I'm assuming that 320 was not a Caviar Blue, Series 1s don't like them for some reason.

I seem to recall that if you don't actually mount the cd

mount -t iso9660 /dev/hd* /cdrom

copykern will appear to run but actually won't.

*(whichever one is your cd drive, and the drive you want to run copykern on can't be hda if I remember correctly)


----------



## ALSaul_2000 (Jan 6, 2006)

GOOD STUFF TO Know - I'll try that as well since the SVR-2000 seems to crash alot since the WinMFS - Thanks to all


----------



## unitron (Apr 28, 2006)

ALSaul_2000 said:


> GOOD STUFF TO Know - I'll try that as well since the SVR-2000 seems to crash alot since the WinMFS - Thanks to all


If you don't need to save any recordings, get the image linked here:

http://www.tivocommunity.com/tivo-vb/showthread.php?p=6228202#post6228202

(it's an image of the S1 Sony with version 3.0 of the Tivo software, which is the latest, and no doubt last, but it'll let you use an external modem or TurboNet or TurboCache card if necessary just by changing the dial up prefix)

and use the MFS Live cd to restore it to the new TiVo drive, then use the DVRupgrade cd to run copykern on it after mounting the cd as previously indicated.

When you put it back in the TiVo you'll need to run guided setup and re-enter any season passes and preferences.

That link above is to a posting in another thread.
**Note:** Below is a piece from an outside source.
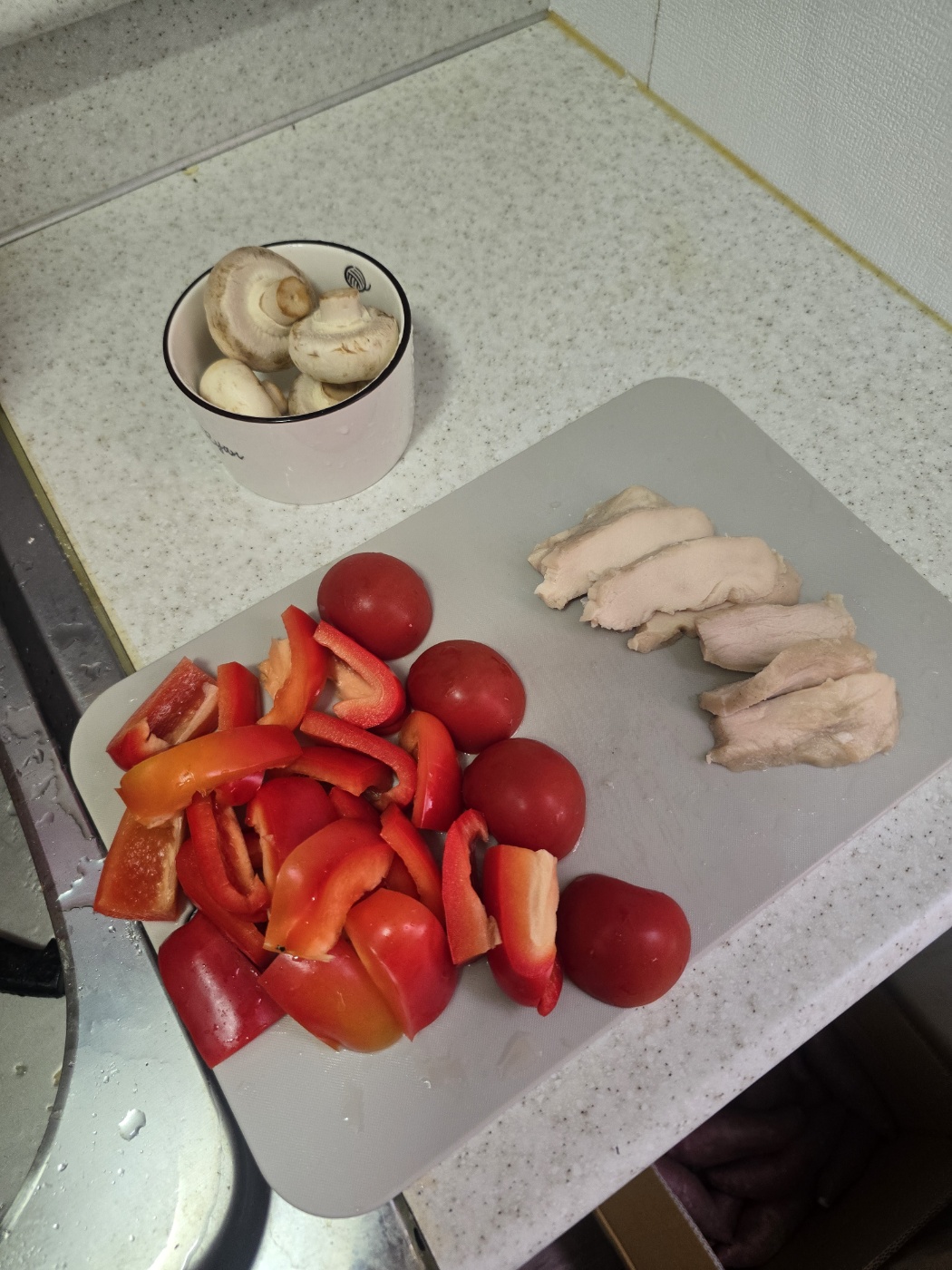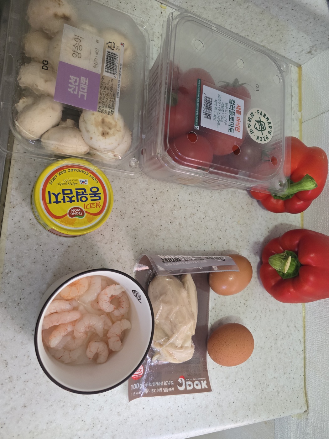 닭가슴살은 이미 슬라이스 된 걸 산 관계로 적당한 크기의 덩어리만 골라내고 작은 건 제 입으로 치우기

That post has the actual link to the image file.

Once you save the image file to your computer's hard drive or a USB stick, you can change the filename to something shorter, like Sony2K.bak, to make life easier at the command line.


----------



## ALSaul_2000 (Jan 6, 2006)

Got it - Thanks unitron, just saw this - will ck it out


----------